That's absolutely beautiful just from the first bars. I'll have to get my hands on his music. I love polyphonic music. Just downloaded Monteverdi's madrigals after our boy depro mentioned them. I want to be in a choir again.


----------



## Guest (Sep 10, 2018)

Fredx2098 said:


> I think we all know my favorite composer by now, but I think I'll make a point to check out the composers listed here.
> 
> How about some explanations?


Franz Joseph Haydn - best classical composer who ever lived who echoed the past (Stamitz, Vivaldi, Handel), was firmly grounded within the present day (contemporary of and friend to Mozart), and was instrumental in the genesis and evolution of all that followed in the future (instructor to Beethoven).

He's generally considered to be both the "Father" of the symphony and the string quartet yet ironically was not actually the "father" of any children.

He married Maria Anna Keller, the elder sister of his first love who had become a nun. She turned out to be a spendthrift, bad-tempered, unattractive, did not care for music and was unable to have children. But if you're willing to overlook those qualities she was quite the catch, eh?

Lucky at composition - unlucky in love...

Haydn was the wittiest composer who ever lived, and among the most wildly inventive which naturally makes one assume that he may have actually been Canadian (someone may need to fact-check that last one as I'm fairly certain that I'm just making it up).

Favourite Haydn conductors - Bernstein ("London" and "Paris" symphonies;"Die Schöpfung") and Beecham (1956 English language recording of "The Seasons").

If you prefer to purchase your music by the pound (or kilo) or if you like to take advantage of BOGO sales (buy one get one free) you can't go wrong with the reliably prolific Haydn.


----------



## Kollwitz (Jun 10, 2018)

Bruckner. I just love listening to the symphonies and feel an almost visceral connection to the music. It provokes tears and unrestrained joy on a purely musical basis (there are no accompanying thoughts other than 'this is amazing', 'oh my...'). I experience this with other composers, but more intermittently. I don't think I'm a naturally musical person but I find myself humming and badly whistling Bruckner more than other composers after comparable periods of listening. All that repetition really works for me.
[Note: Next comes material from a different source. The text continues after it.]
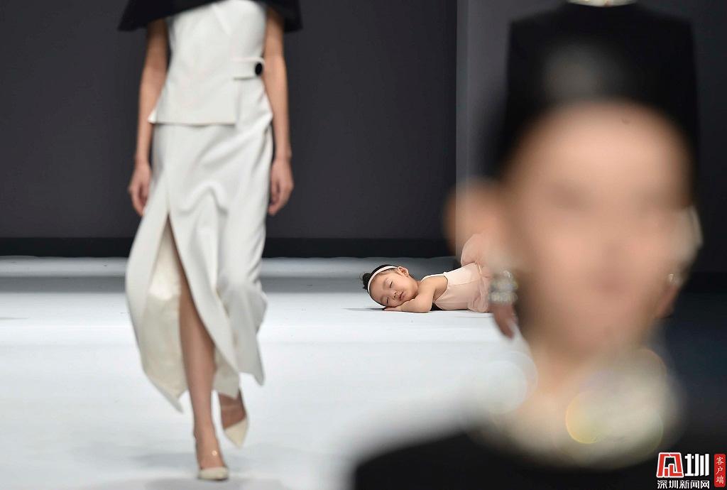 2019年3月14日,深圳时装周首秀,一位在T台上睡着的小女孩。

The Brucknerian sound-world is very appealing. Love the brass. Love it even more when the strings are swirling/stabbing away at the same time. 

I have fairly catholic (note the small 'c') tastes in Bruckner interpretations and greatly enjoy Furtwangler, Giulini, Wand, Jochum, Bohm and Celibidache, amongst others.


----------



## jdec (Mar 23, 2013)

For a long time it was Beethoven, nobody could touch him. Then years later for a long time it was Mozart.
Now, it's still Mozart and I don't see that changing any time soon.


----------



## Judith (Nov 11, 2015)

I can't have one single composer. I do favour Brahms , Schumann. Recently, been listening to a lot of Bruckner. I could go on with the composers that I like


----------



## larold (Jul 20, 2017)

I agree Mozart is the man for all seasons, with more representation of lightness, shade and even darkness than other composers. However, I would never want to be far from J.S. Bach, Bruckner, Hummel or Haydn.


----------



## Tallisman (May 7, 2017)

Überstürzter Neumann said:


> Bruckner. Whenever the world goes againt me, and it rarely fails to do so when opportunity is given, his musical universe is a good place to spend some time.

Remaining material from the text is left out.